Transcribe, starting at the line with "豆瓣信息显示,企鹅影视、獭獭" and ending at the line with "We’re Thomas and", every line of the material below exactly, but leave out the pictures and anything outside that span.

■ **THE DATA**:
┄┄┄┄┄┄

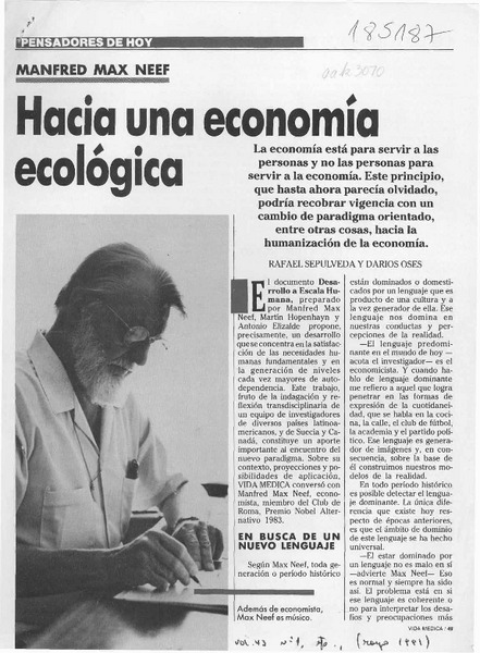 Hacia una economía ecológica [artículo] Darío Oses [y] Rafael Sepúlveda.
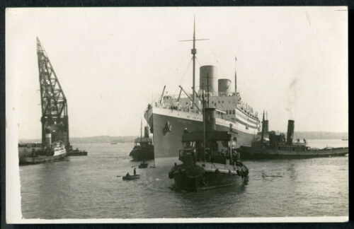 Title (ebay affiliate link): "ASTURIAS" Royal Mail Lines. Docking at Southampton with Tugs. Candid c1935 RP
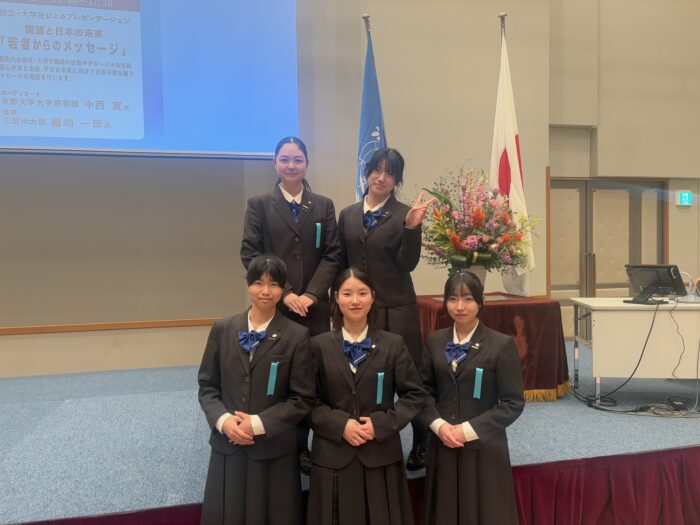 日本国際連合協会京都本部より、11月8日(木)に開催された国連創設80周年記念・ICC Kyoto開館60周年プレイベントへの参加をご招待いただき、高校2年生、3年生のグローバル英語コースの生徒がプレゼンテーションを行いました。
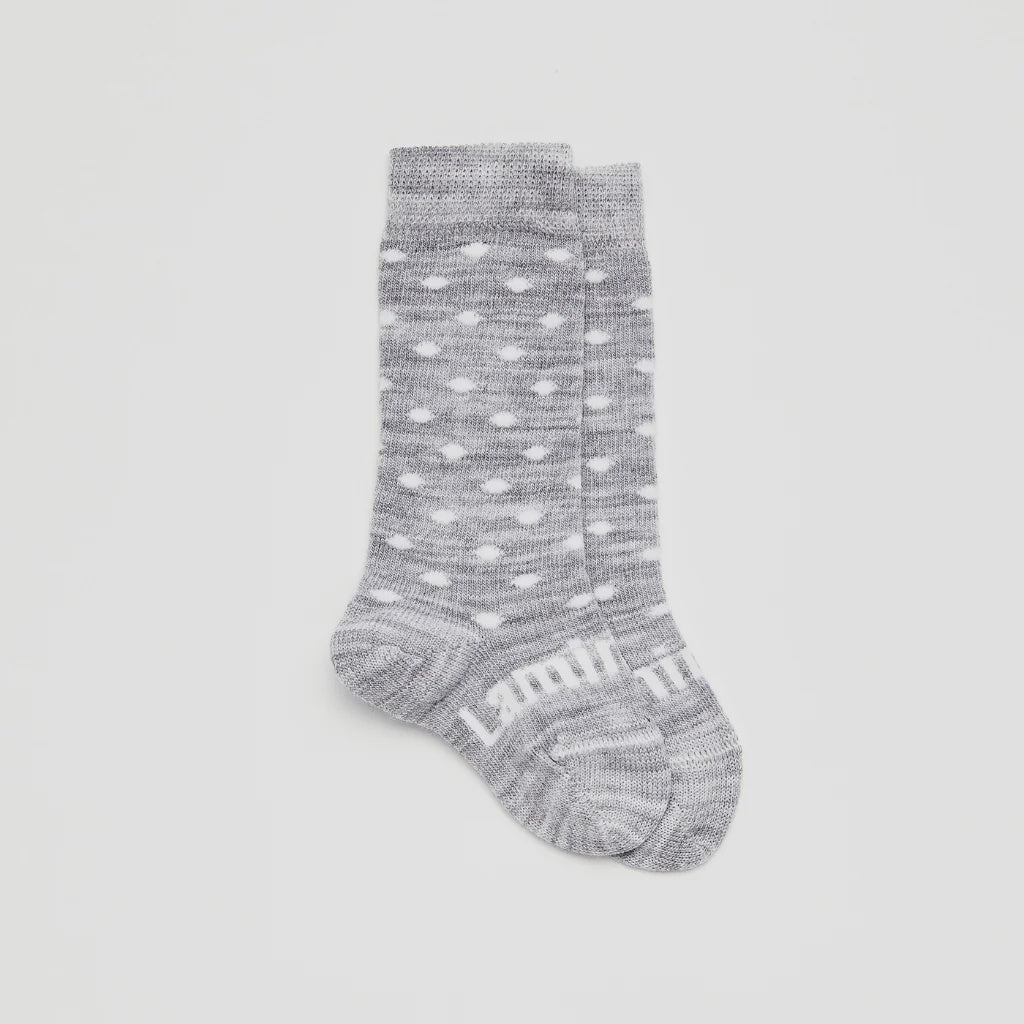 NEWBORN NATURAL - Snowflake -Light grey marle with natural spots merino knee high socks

┄┄┄┄┄┄

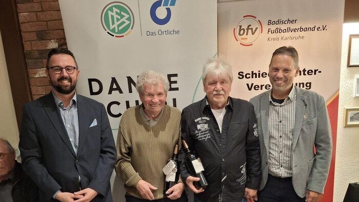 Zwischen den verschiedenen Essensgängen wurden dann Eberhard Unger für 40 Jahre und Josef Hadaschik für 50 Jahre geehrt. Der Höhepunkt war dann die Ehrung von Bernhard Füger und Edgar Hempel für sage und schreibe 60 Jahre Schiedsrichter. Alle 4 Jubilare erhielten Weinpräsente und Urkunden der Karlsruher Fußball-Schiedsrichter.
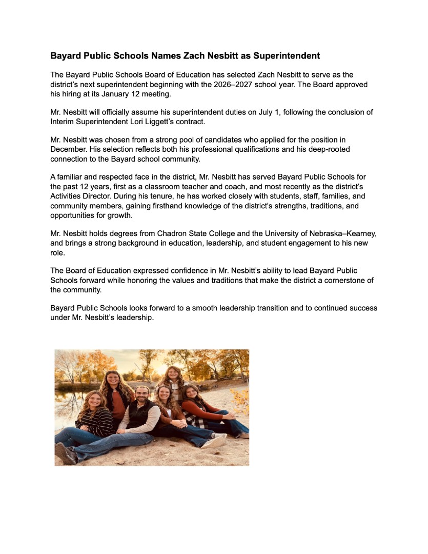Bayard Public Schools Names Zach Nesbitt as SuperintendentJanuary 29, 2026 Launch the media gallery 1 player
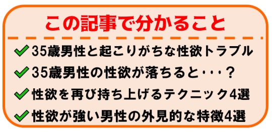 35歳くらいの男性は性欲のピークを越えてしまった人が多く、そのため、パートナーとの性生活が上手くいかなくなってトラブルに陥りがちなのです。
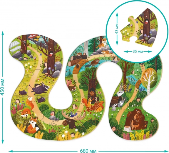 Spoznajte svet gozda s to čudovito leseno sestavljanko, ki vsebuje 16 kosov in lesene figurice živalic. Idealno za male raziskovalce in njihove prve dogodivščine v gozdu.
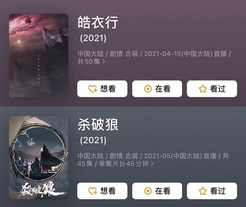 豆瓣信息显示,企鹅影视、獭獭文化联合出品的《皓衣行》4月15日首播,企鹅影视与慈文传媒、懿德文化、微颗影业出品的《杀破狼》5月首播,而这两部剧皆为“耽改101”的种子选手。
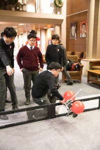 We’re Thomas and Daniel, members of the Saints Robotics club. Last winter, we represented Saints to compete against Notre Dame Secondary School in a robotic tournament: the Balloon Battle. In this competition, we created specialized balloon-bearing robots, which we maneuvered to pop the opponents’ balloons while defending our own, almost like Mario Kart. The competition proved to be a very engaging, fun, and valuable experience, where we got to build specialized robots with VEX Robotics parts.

┄┄┄┄┄┄

■ **TASK RESPONSE**:
 豆瓣信息显示,企鹅影视、獭獭文化联合出品的《皓衣行》4月15日首播,企鹅影视与慈文传媒、懿德文化、微颗影业出品的《杀破狼》5月首播,而这两部剧皆为“耽改101”的种子选手。
 We’re Thomas and Daniel, members of the Saints Robotics club. Last winter, we represented Saints to compete against Notre Dame Secondary School in a robotic tournament: the Balloon Battle. In this competition, we created specialized balloon-bearing robots, which we maneuvered to pop the opponents’ balloons while defending our own, almost like Mario Kart. The competition proved to be a very engaging, fun, and valuable experience, where we got to build specialized robots with VEX Robotics parts.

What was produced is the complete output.